Enfantasme is a 1978 film co-written and directed by Sergio Gobbi. It is based on the novel Enfantasme by Georges-Jean Arnaud.

==Plot ==
After her son's death, Claudia retreats to the mountains, convinced that her husband killed the child.

==Production==
Enfantasme was director Sergio Gobbi's fourteenth film which he chose to adapt the novel Enfantasme by French writer Georges-Jean Arnaud. Gobbi described the films title as a play on words based on the French words "enfant" for child, "fantasme" (ghost)" and the verb "enfanter" (to conceive a child). Gobbi stated the film could have been "turned into a product of the Exorcist thread, or a paranormal film, Audrey Rose-style. Whereas I don't want to be conditioned or stick to formulas.

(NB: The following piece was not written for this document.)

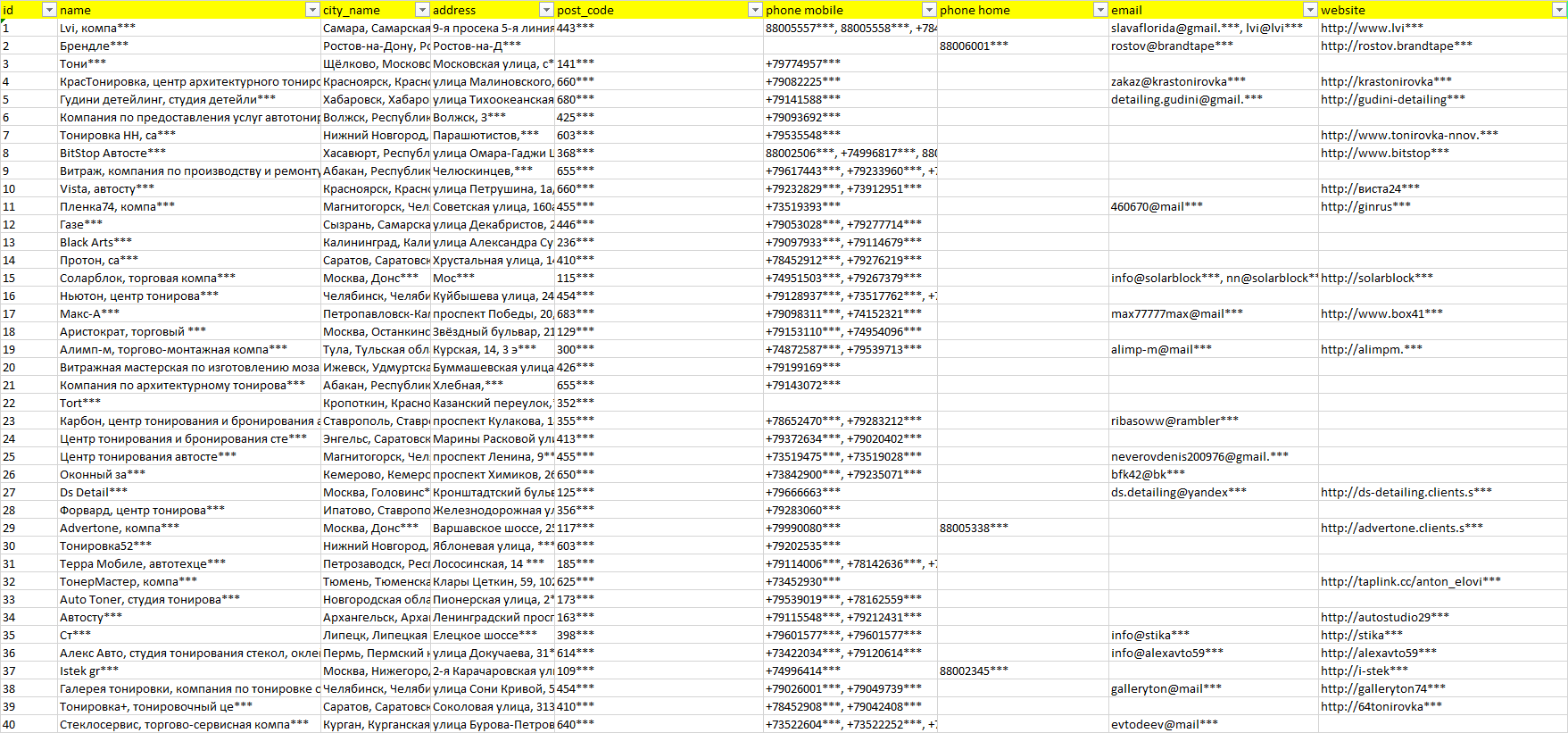База организаций тонирование стёкол зданий, вся Россия в формате Excel с эл. почтами, телефонами, сайтами, ссылками на соц сети, координатами и другой информацией. Скачайте демо версию, чтобы ознакомиться с данными.

Enfantasme was shot in five weeks in the village of Bormio.

==Release==
Enfantasme was distributed in Italy where it was distributed by Battistelli on 5 November 1978. In Italy, the film grossed a total of 9,157,000 Italian lire domestically. It was released in France asL'enfant de nuit: Les inconnus aux petit pieds on 8 November 1978.

The novel of the film was adapted again for film in 2009 by Jean-Paul Guyon as Sommeil blanc.

==Reception==
Italian film historian Roberto Curti described the critical reception to the film on its released as "mixed."